Continuous delivery extends continuous delivery. Any build that passes the entire test cycle is automatically provisioned. No human intervention is required to decide what to deploy and when. Continuous delivery enables companies to proactively make changes to their products while quickly providing new features and updates.

Continuous deployment looks a bit scary as you don't manually review it before deploying the code. With a well-designed delivery pipeline, you no longer have to worry about losing control of your production code. In addition, developers have more control over the functionality of a particular service by making it available only to selected users of a particular build or by automating the release of functions at specific times.

5. Use the blue / green extension

To reduce downtime and minimize risks, companies can consider a so-called blue / green deployment. This way, changes that are made and a new deployment (blue) is triggered will be deployed in parallel with the old deployment (green). Both deployments run in parallel, with little traffic initially being forwarded to the blue deployment. If successful, the remaining traffic is slowly routed to the blue deployment and the green deployment is gradually removed. If this is unsuccessful, the traffic will return to green and blue will be removed. This allows you to switch between deployment environments without causing downtime or system crashes. Websites like Facebook and Twitter cannot be stopped at any point, so this is how new features are introduced.

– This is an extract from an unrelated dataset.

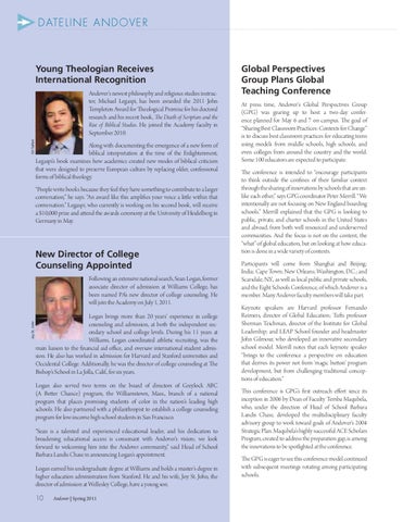 Global Perspectives Group Plans Global Teaching Conference At press time, Andover’s Global Perspectives Group (GPG) was gearing up to host a two-day conference planned for May 6 and 7 on campus. The goal of “Sharing Best Classroom Practices: Contexts for Change” is to discuss best classroom practices for educating teens using models from middle schools, high schools, and even colleges from around the country and the world. Some 100 educators are expected to participate. The conference is intended to “encourage participants to think outside the confines of their familiar context through the sharing of innovations by schools that are unlike each other,” says GPG coordinator Peter Merrill. “We intentionally are not focusing on New England boarding schools.” Merrill explained that the GPG is looking to public, private, and charter schools in the United States and abroad, from both well resourced and underserved communities. And the focus is not on the content, the “what” of global education, but on looking at how education is done in a wide variety of contexts. Participants will come from Shanghai and Beijing; India; Cape Town; New Orleans; Washington, D.C.; and Scarsdale, N.Y., as well as local public and private schools, and the Eight Schools Conference, of which Andover is a member. Many Andover faculty members will take part. Keynote speakers are Harvard professor Fernando Reimers, director of Global Education; Tufts professor Sherman Teichman, director of the Institute for Global Leadership; and LEAP School founder and headmaster John Gilmour, who developed an innovative secondary school model. Merrill notes that each keynote speaker “brings to the conference a perspective on education that derives its power not from ‘magic button’ program development, but from challenging traditional conceptions of education.” This conference is GPG’s first outreach effort since its inception in 2006 by Dean of Faculty Temba Maqubela, who, under the direction of Head of School Barbara Landis Chase, developed the multidisciplinary faculty advisory group to work toward goals of Andover’s 2004 Strategic Plan. Maqubela’s highly successful ACE Scholars Program, created to address the preparation gap, is among the innovations to be spotlighted at the conference. The GPG is eager to see this conference model continued with subsequent meetings rotating among participating schools.

6. Monitor performance continuously

Performance monitoring is important in an automated environment, and there are several useful tools. Before choosing a tool, you need to identify the key indicators to monitor. If you have hundreds of services and procedures running on your system, you cannot monitor all of them. Instead, focus on the following five key categories:

1.       Development cycle: To understand the performance of your automated delivery pipeline, monitor how often your code changes, how many objective functionality it contains, how many bugs it identifies and fixes, and much more.

2.       Deployment: You will need a tool to notify your assigned team if the automatic deployment fails. Most continuous integration servers have a notification feature that automatically notifies assigned staff through the chat server if a deployment or build fails.

3.       Vulnerabilities: Vulnerabilities are handled automatically when the code goes into production. You need a system to identify and mitigate known vulnerabilities (e.g. vulnerabilities listed in the National Vulnerability Database) or unknown vulnerabilities that can be traced back to unsafe techniques.

4.       Server status: Server monitoring is essential for almost all types of infrastructures, not just development. System performance and the Service Level Agreement (SLA) depend on the condition of the server. There are several tools available to accomplish this task. You also need to monitor your infrastructure.

5.       Application Performance: Identify key issues such as application performance and regression, monitor application activity, and make proactive decisions. Several tools such as AppDynamics and New Relic can be used for this purpose. These application performance monitoring (APM) tools provide insights into application usage and performance.